Differential Diagnosis
- Single most likely diagnosis
- Atherosclerosis: Given the patient's history of bilateral femur avascular necrosis (AVN) and now presenting with left subclavian artery thrombosis and symptoms suggestive of posterior circulation stroke, atherosclerosis is a strong consideration. The history of AVN could be related to long-standing steroid use or other risk factors that also predispose to atherosclerosis.
- Other Likely diagnoses
- Hypercoagulable state: Conditions such as Factor V Leiden, antithrombin III deficiency, or protein C/S deficiency could lead to recurrent thrombotic events, including the AVN and the current subclavian artery thrombosis.
- Vasculitis (e.g., Takayasu arteritis): Although less common, vasculitis could explain both the AVN (through vascular inflammation) and the subclavian artery thrombosis, especially if there's a history of systemic symptoms or other vascular involvement.
- Paroxysmal Nocturnal Hemoglobinuria (PNH): A rare cause of thrombosis, PNH could potentially explain the AVN and the arterial thrombosis, though it would be less likely without other supporting evidence like hemolytic anemia.
- Do Not Miss diagnoses
- Thromboembolic disease (e.g., paradoxical embolism): Given the patient's presentation with stroke and limb ischemia, it's crucial to consider sources of embolism, including cardiac (e.g., atrial fibrillation) or paradoxical embolism through a patent foramen ovale.
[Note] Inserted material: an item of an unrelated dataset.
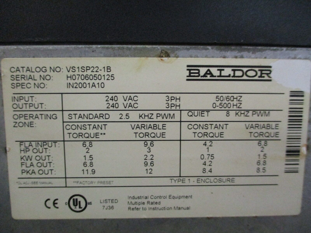 Baldor VS H2 AC Drive VS1SP22-1B 3HP 3Ph *No Keypad* Used_x000D_ Condition: UsedBrand: BaldorInput Voltage: 240 VMPN: VS1SP22-1BMaximum Load: 3 HPType: General Purpose AC Drive Baldor VS H2 AC Drive VS1SP22-1B 3HP 3Ph *No Keypad* Used Baldor VS H2 AC Drive Part #: VS1SP22-1B 3 HP 3Ph Input: 240 VAC50/60 Hz6.8 AOutput:240 VAC0-500 Hz6.8 A*No Keypad* Used Loc: AB11-5323 / AB13Q2 Baldor VS H2 AC Drive Part #: VS1SP22-1B 3 HP 3Ph Input: 240 VAC 50/60 Hz 6.8 A Output: 240 VAC 0-500 Hz 6.8 A *No Keypad* Uséd Loc: AB11-5323 / AB13Q2

- Aortic dissection: Although the primary complaint involves the subclavian artery, aortic dissection could lead to similar symptoms, including limb ischemia and stroke, and is a medical emergency.
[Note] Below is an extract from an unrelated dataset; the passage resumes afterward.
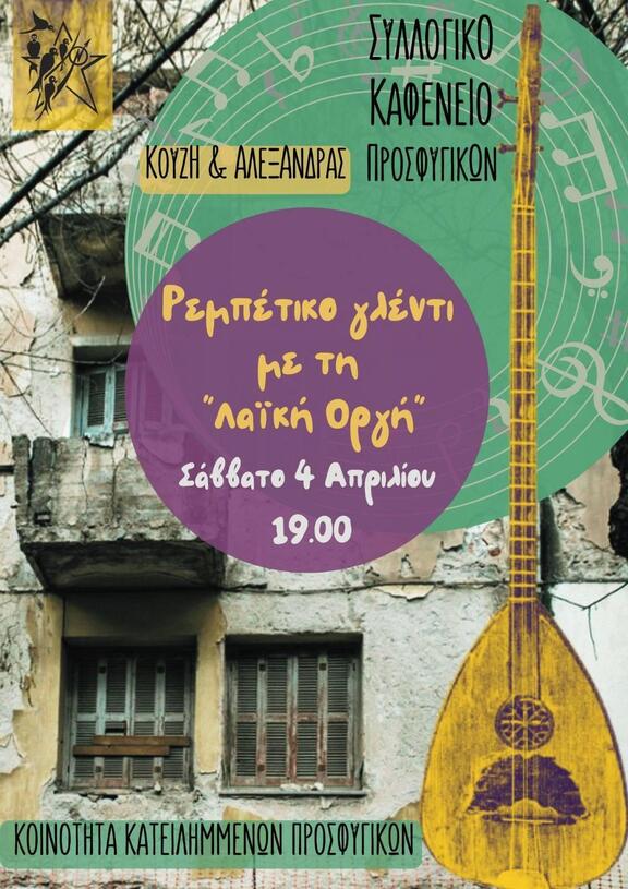 Το Σάββατο 4/4 από τις 19:00 σας περιμένουμε όλους και όλες στο ρεμπέτικο γλέντι με τη "Λαϊκή Οργή" για την οικονομική ενίσχυση της Κοινότητας Κατειλημμένων Προσφυγικών και του αγώνα της ενάντια στα πλάνα εκκένωσης και καταστολής.

- Fibromuscular dysplasia: A condition affecting medium and large arteries, it could lead to thrombosis and ischemic events, including stroke.
- Rare diagnoses
- Ehlers-Danlos syndrome: A genetic disorder affecting connective tissue, it could potentially lead to vascular complications, including aneurysms and thrombosis, though it's much less common.
- Homocystinuria: A genetic disorder leading to elevated homocysteine levels, which is a risk factor for thrombosis and could potentially explain the patient's presentation, though it's rare and typically presents with other systemic manifestations.
- Antiphospholipid syndrome: An autoimmune disorder that increases the risk of thrombosis, it could be a consideration, especially if there's a history of recurrent thrombotic events or other autoimmune symptoms.